Right now, I am still working on how to analyze these text files. I have purchased the O'Reilly book, sed and awk to help me with this process. Awk is a programming language that allows the generation of formatted reports; it is essentially a command-line spreadsheet program. I have studied the basics of writing awk scripts and am currently trying to design one that will help me combine all of my text files and perform basic mathematical analysis on them
to help predict the average trajectory of a bat.

I am also trying to modify code that Steve Crampton has written to perform a linear regression on the bat data we have so far. Once this regression is done and average trajectory has been computed in some way, it will help to make the EcoTracker much more efficient.

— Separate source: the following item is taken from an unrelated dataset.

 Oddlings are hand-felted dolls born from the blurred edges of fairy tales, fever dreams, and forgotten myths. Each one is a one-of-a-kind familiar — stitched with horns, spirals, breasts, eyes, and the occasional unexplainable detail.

In February, I had the opportunity to present Schweikard and Glosser's "Robotic Motion Compensation for Respiratory Movement during Radiosurgery" to the weekly IVC Reading Group with two fellow undergraduates.  We learned how difficult it is to determine in real time a tumor's spatial position, mostly due to movement caused by patient respiration.  The authors of this paper proposed a new method that involves the combination of stereo X-ray internal imaging with external infrared tracking to guide the radiation source, an Accuray Cyberknife.  X-ray images are taken every ten seconds and synchronized by timestamp with real-time infrared images.  A motion pattern specific to the patient is then developed and then used to guide the Cyberknife during radiation beam activation.


This meeting gave me a chance to explore a new area of study, as well as work on my presentation skills, something which I know will prove useful in the near future as I take on my first job. 




I have found this past year to be quite a unique experience. Even though I could not work CS585 into my schedule, I have had the opportunity to learn from those around me and see how computer vision techniques can be applied not only in research, but in the world around us. By completing some of my daily tasks, I also feel I became more proficient in using Linux and Unix commands. The IVC reading group gave me a chance to get to know some of the graduate students in the Computer Science department and how they work. Being a graduate student is quite different than being an undergrad, which is something I don't think I quite understood before. The freedom to choose your own projects, set your own timetables, and produce deliverables that you are proud of is something that I would like to take part in some day. This project has renewed my interest in computer science. After working for a year, I plan to look into graduate schools for computer science, rather than pursue an advanced business degree like I always planned. Perhaps I will end up in the world of computer vision again, tackling my own projects and working with new undergraduate students to teach them some of the same things I have learned.